►
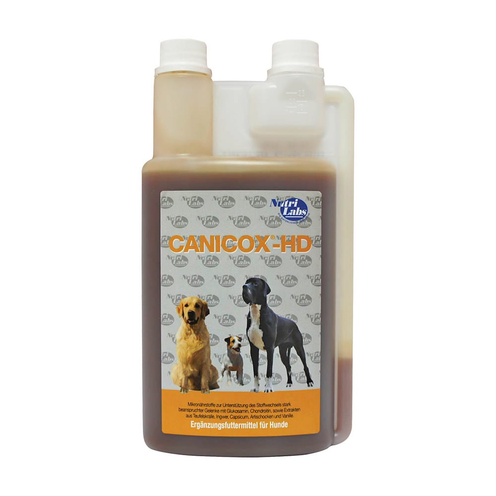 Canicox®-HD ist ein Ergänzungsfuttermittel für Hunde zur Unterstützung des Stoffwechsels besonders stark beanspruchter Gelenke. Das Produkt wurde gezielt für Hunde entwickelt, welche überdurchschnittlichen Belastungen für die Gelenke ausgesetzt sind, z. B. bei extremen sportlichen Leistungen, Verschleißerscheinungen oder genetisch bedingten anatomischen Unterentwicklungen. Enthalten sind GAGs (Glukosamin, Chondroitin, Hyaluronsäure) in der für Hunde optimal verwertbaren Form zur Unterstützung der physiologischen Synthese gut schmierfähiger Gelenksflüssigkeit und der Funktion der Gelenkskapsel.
◄
►
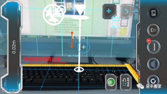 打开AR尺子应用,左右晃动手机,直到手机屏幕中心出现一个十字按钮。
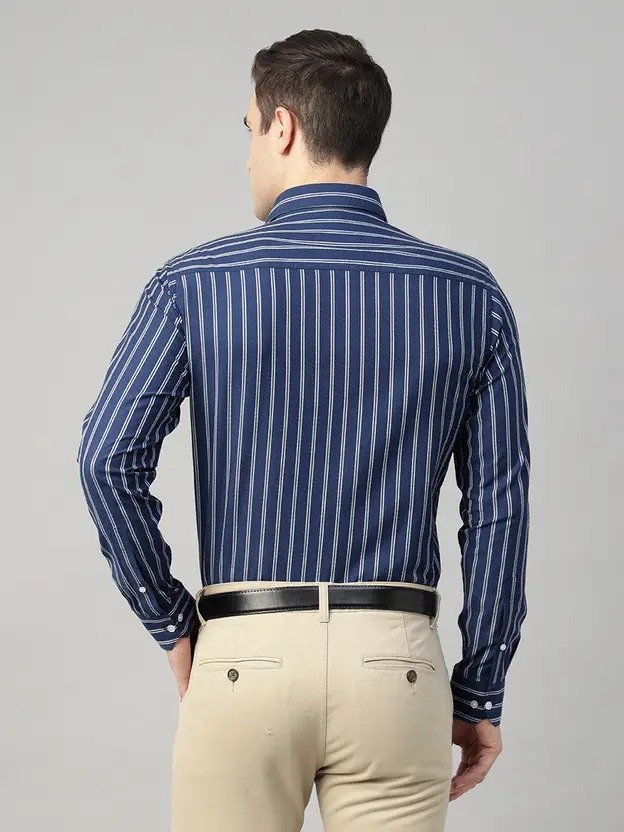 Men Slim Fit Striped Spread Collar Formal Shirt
◄
Line for line, output the entries above from the line with "打开AR尺子应用,左右晃动手机,直到手机屏幕中心出现一个十字按钮。" to the line with "Men Slim Fit", both included, and nothing more. Skip pictures.

 打开AR尺子应用,左右晃动手机,直到手机屏幕中心出现一个十字按钮。
 Men Slim Fit Striped Spread Collar Formal Shirt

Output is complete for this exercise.